President Barack Obama received a frosty welcome Friday when he traveled to Roseburg, Oregon, to meet privately with survivors and loved-ones of nine people killed in a mass shooting there last week.
Hundreds of people, including some holding posters reading “Obama go home” and “Prayers not politics,” lined the streets as Obama’s motorcade passed.
Obama was met at the airport by Governor Kate Brown, and they travelled together to a meeting with survivors and the families of the people who died in the shooting at Umpqua Community College (UCC) on October 1.
In brief remarks after spending about one hour in the meeting, he said the families wanted to communicate how much they appreciate the help they’ve received from the UCC community and the country.

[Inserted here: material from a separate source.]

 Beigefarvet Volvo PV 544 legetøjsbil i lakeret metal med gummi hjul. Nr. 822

Obama, who has made several similar trips after mass shootings, said at some point the United States will have to find a way to prevent such tragedies from occurring with such regularity.
“We’re going to have to come together as a country, but today is about the families,” Obama said. He then left for a political fund-raiser in Seattle.

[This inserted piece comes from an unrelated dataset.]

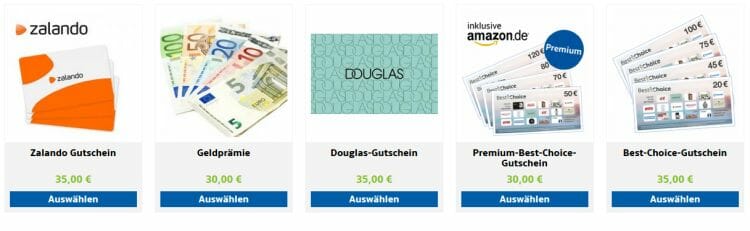 Alternativ könnt ihr auch einen 35,- Euro Zalando Gutschein, einen 35,- Euro Douglas-Gutschein oder einen 30,- Euro Verrechnungsscheck als Prämie wählen.

Many people in the rural town support gun ownership, and those who turned out to oppose to his visit called it “insensitive” because of its political message.
Michelle Finn, one of the organizers of the protest, accused Obama of taking the agony of families “and basically [saying] no matter what you are going through … I’m going to take your personal pain and use it for my political agenda.”
She said the problem was mental health and not guns.
“This is a man who needed help and didn’t get it,” Finn said on CNN.
The shooter, Chris Harper-Mercer, shot himself after killing the nine students. Authorities later found 14 firearms legally acquired by the gunman and a family member.
In the wake of the shootings, Obama bemoaned the fact that such mass shootings had become “routine” in the US, and made a point that he would “politicize” the issue “because our inaction is a political decision that we are making.”